5,300-Year-Old Drilling Tool Found in Egypt

Feb 11, 2026 by News Staff

A tiny copper-alloy object long dismissed as a simple awl has been reclassified as the earliest known rotary metal drill from ancient Egypt.

Original photograph of the Badari drill published in 1927 by Guy Brunton (left) and the actual artifact. Image credit: Martin Odler & Jiří Kmošek, doi: 10.1553/AEundL35s289.

Original photograph of the Badari drill published in 1927 by Guy Brunton (left) and the actual artifact. Image credit: Martin Odler & Jiří Kmošek, doi: 10.1553/AEundL35s289.
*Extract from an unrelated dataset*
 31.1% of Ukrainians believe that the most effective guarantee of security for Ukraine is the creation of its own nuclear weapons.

The ancient drill is only 6.3 cm (2.5 inches) long and weighs about 1.5 grams.

Dating from the Predynastic period (4th millennium BCE), before the first pharaohs ruled, the artifact was found at Badari in Upper Egypt.
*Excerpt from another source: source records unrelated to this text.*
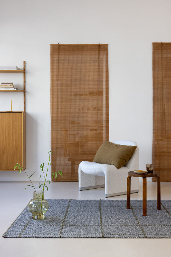 Discover the timeless charm of our handcrafted creations, where tradition meets artistry in every fiber. Embracing the beauty of irregularity, no two pieces are the same, making each item a unique masterpiece. The series MATTER is a double weave, the back is made of cotton, the top features a basketweave in a window pane pattern made from undyed and dyed wool. The small borders are woven in a contrasting colour in cotton.
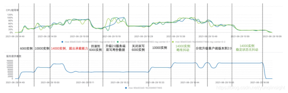 - 第三阶段在保持实例数为14000的状态下,分批升级客户端到2.0版本,CPU指标曲线不断下降至20%左右,并且整体处于稳定态无报错
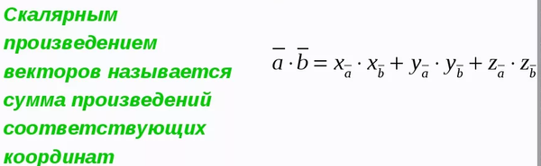 Скалярное произведение векторов, заданных своими координатами равно сумме произведений одноименных координат

“The ancient Egyptians are famous for stone temples, painted tombs, and dazzling jewelry, but behind those achievements lay practical, everyday technologies that rarely survive in the archaeological record,” said Dr. Martin Odler, an archaeologist at Newcastle University.
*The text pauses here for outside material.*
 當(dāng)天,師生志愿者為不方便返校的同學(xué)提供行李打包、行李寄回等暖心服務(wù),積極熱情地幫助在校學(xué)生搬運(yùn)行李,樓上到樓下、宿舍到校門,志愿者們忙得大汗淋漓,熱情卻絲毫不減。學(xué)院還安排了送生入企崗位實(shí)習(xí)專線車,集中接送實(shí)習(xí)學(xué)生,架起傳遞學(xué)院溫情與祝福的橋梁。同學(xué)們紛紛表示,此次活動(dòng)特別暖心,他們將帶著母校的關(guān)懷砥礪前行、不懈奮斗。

“One of the most important was the drill: a tool used to pierce wood, stone, and beads, enabling everything from furniture-making to ornament production.”

When first published in the 1920s, the Badari drill was described as ‘a little awl of copper, with some leather thong wound round it.’

That brief note proved easy to overlook, and the object attracted little attention for decades.

However, Dr. Odler and his colleague, Dr. Jiří Kmošek, found that the tool shows distinctive wear consistent with drilling: fine striations, rounded edges, and a slight curvature at the working end, all features that point to rotary motion, not simple puncturing.

They also found six coils of an extremely fragile leather thong — a remnant of the bowstring used to power a bow drill, an ancient equivalent of a hand drill, where a string wrapped around a shaft is moved back and forth by a bow to spin the drill rapidly.

“This re-analysis has provided strong evidence that this object was used as a bow drill — which would have produced a faster, more controlled drilling action than simply pushing or twisting an awl-like tool by hand,” Dr. Odler said.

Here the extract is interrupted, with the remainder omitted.